| DATA EXCERPT |
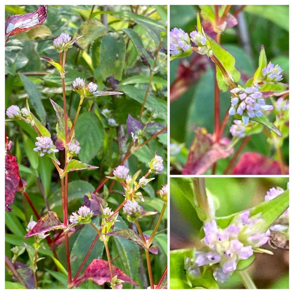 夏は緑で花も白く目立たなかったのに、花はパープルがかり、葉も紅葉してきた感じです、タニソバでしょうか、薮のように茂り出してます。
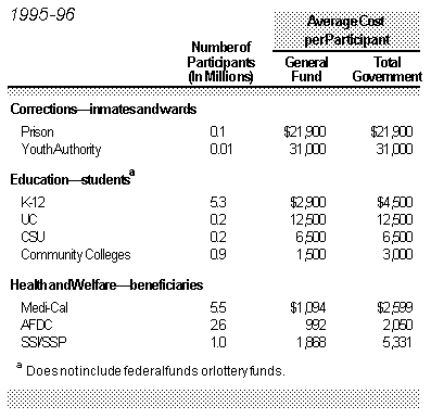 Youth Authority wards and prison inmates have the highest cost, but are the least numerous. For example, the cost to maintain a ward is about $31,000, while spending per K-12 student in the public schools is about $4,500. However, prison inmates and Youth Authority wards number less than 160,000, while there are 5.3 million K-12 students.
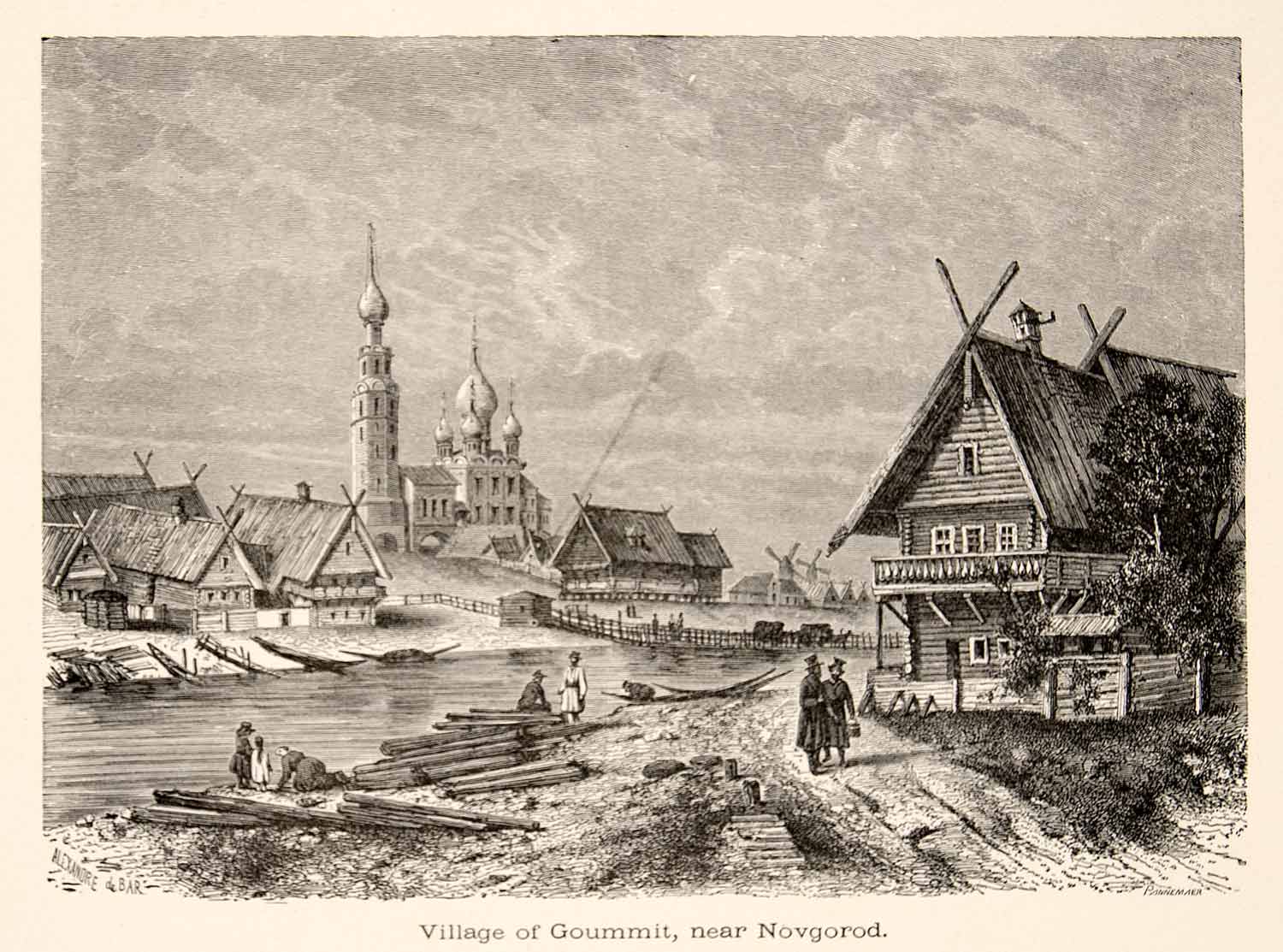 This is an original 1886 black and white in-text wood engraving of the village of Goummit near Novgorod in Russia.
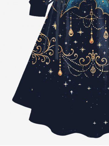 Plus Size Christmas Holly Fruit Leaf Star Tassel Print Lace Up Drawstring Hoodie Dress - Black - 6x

| EXERCISE PROMPT |
Set down exactly, from the line that contains "This is an original" through the last line of the data, each line as it stands, and leave the pictures out.

| EXERCISE SOLUTION |
 This is an original 1886 black and white in-text wood engraving of the village of Goummit near Novgorod in Russia.
 Plus Size Christmas Holly Fruit Leaf Star Tassel Print Lace Up Drawstring Hoodie Dress - Black - 6x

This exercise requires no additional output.